There are pictures in the records below; leave them out and set down exactly the lines from the one holding "Перед нами грохочет" through the one holding "Carrello a Gabbia".
───── INPUT RECORDS ─────
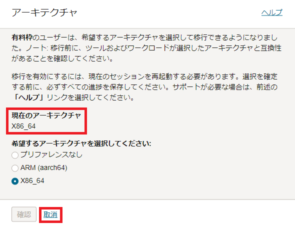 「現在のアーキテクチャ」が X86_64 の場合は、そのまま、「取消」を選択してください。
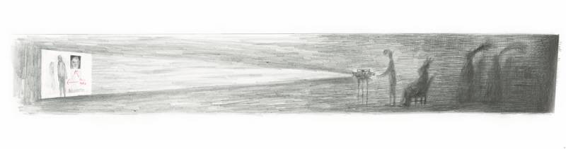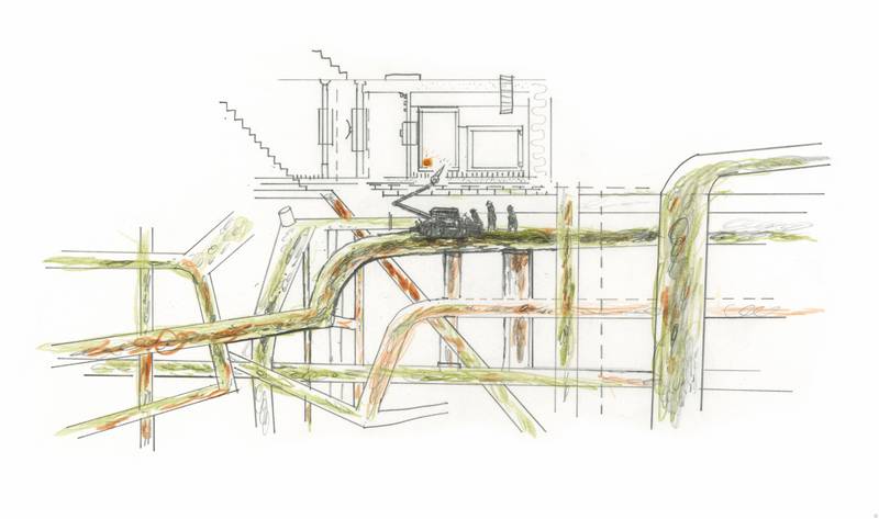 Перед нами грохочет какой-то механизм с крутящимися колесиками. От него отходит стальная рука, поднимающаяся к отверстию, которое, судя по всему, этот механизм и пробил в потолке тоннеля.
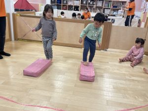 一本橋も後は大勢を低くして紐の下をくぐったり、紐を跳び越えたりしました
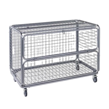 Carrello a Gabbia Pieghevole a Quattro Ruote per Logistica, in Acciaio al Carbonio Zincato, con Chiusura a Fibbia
─────
───── INPUT RECORDS ─────
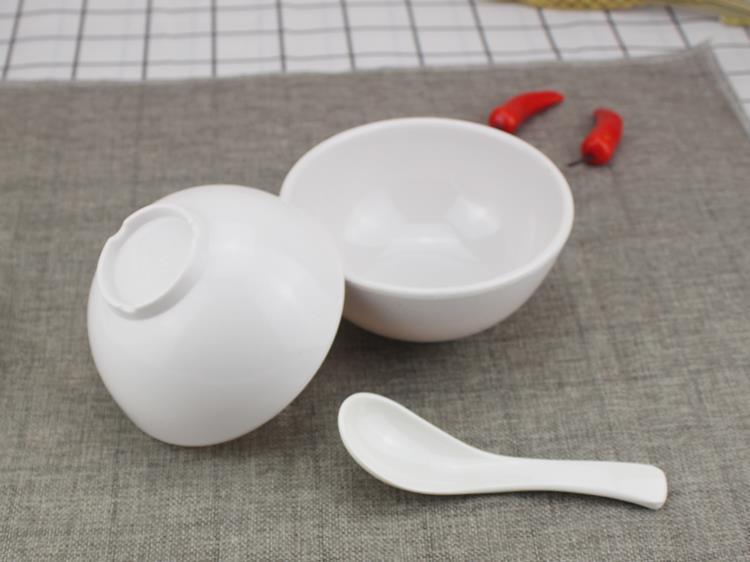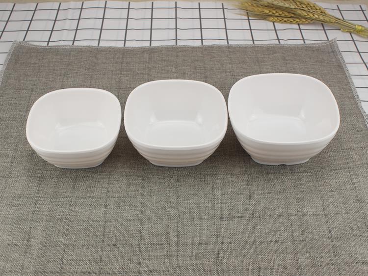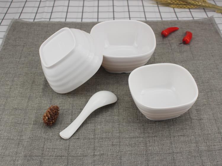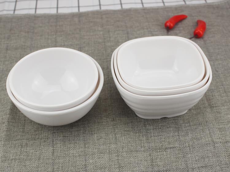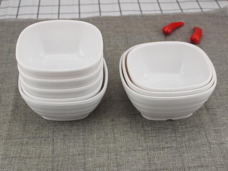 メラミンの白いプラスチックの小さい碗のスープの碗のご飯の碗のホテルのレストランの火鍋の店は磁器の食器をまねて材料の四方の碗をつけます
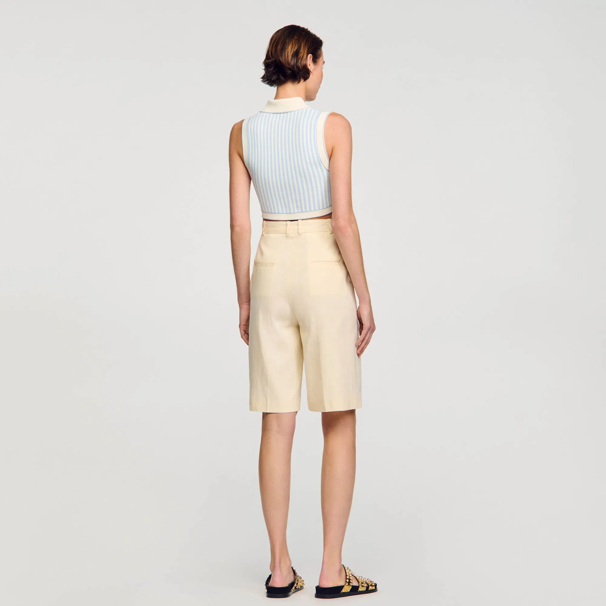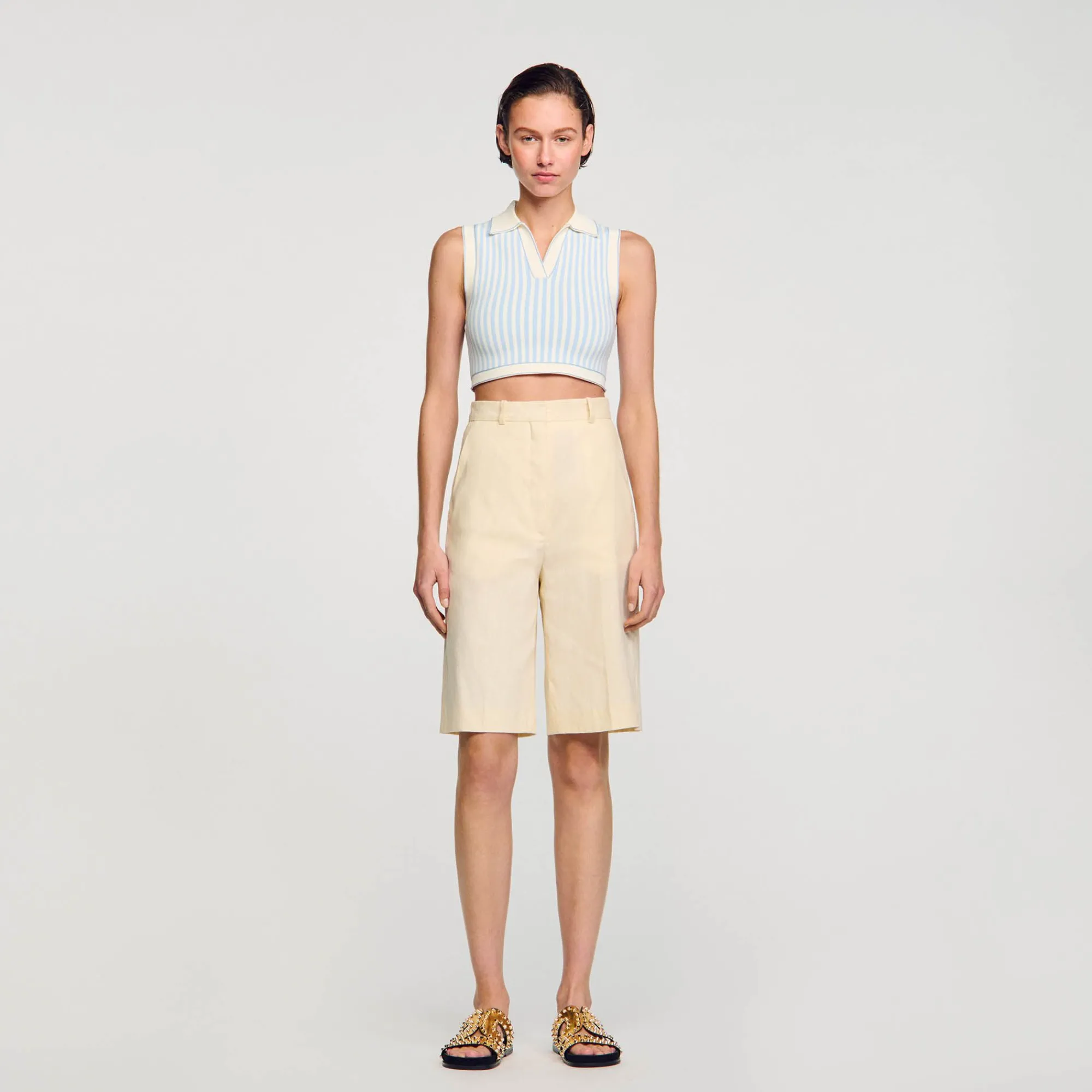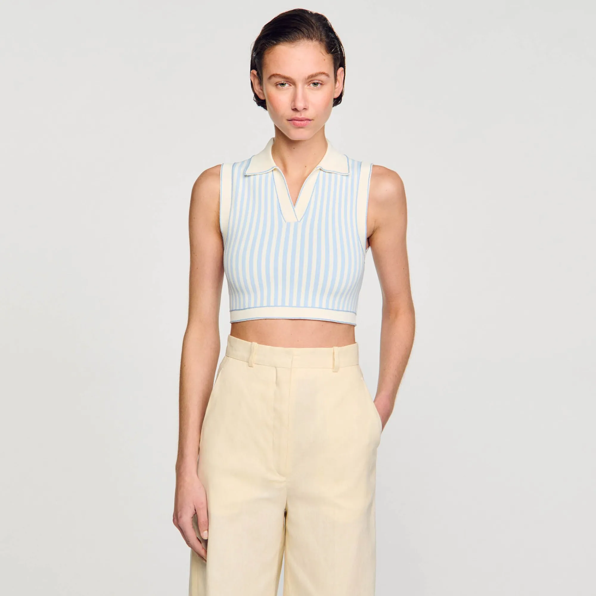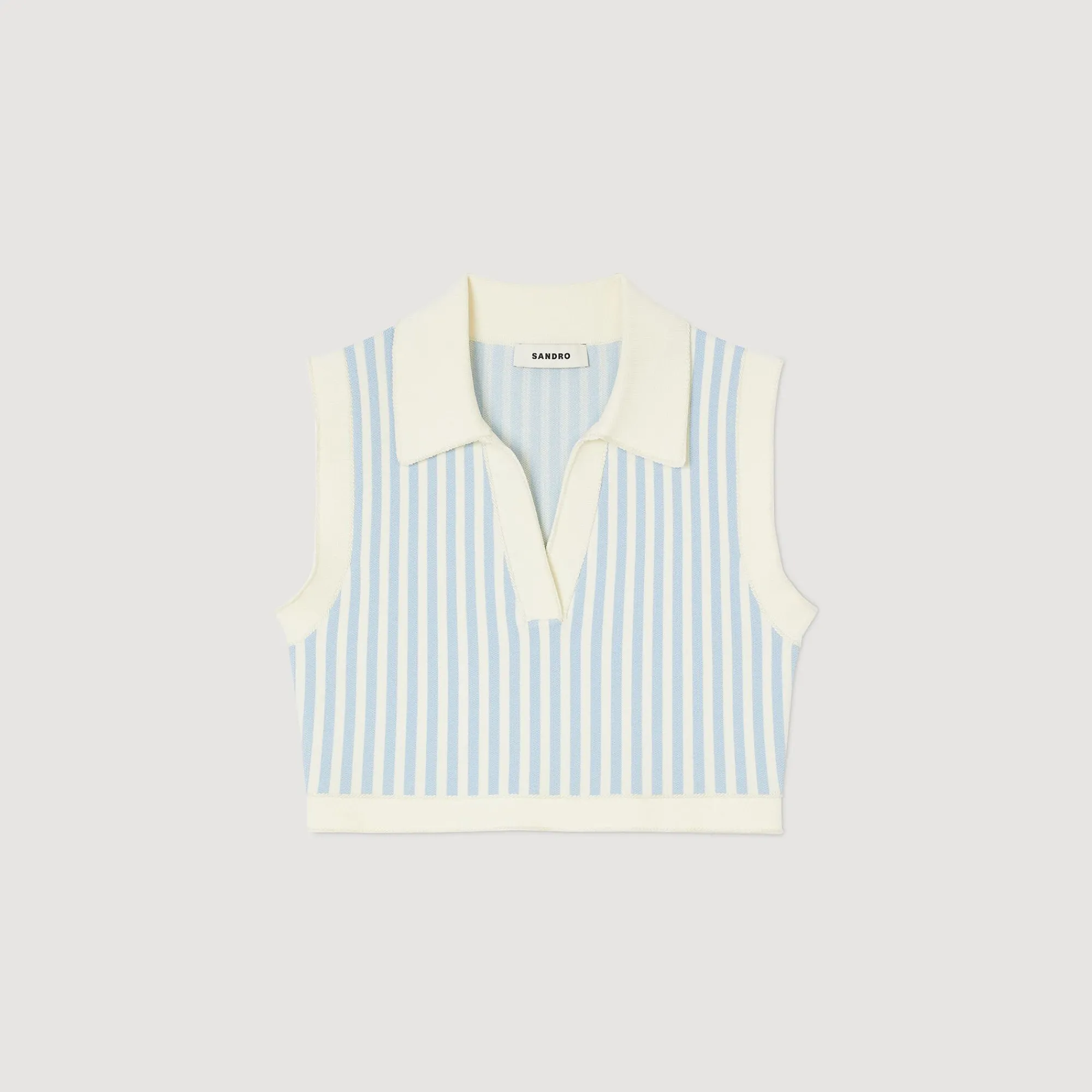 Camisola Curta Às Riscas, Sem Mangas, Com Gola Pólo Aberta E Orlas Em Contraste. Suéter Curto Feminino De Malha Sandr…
─────
> FINISHED TASK
 Перед нами грохочет какой-то механизм с крутящимися колесиками. От него отходит стальная рука, поднимающаяся к отверстию, которое, судя по всему, этот механизм и пробил в потолке тоннеля.
 一本橋も後は大勢を低くして紐の下をくぐったり、紐を跳び越えたりしました
 Carrello a Gabbia Pieghevole a Quattro Ruote per Logistica, in Acciaio al Carbonio Zincato, con Chiusura a Fibbia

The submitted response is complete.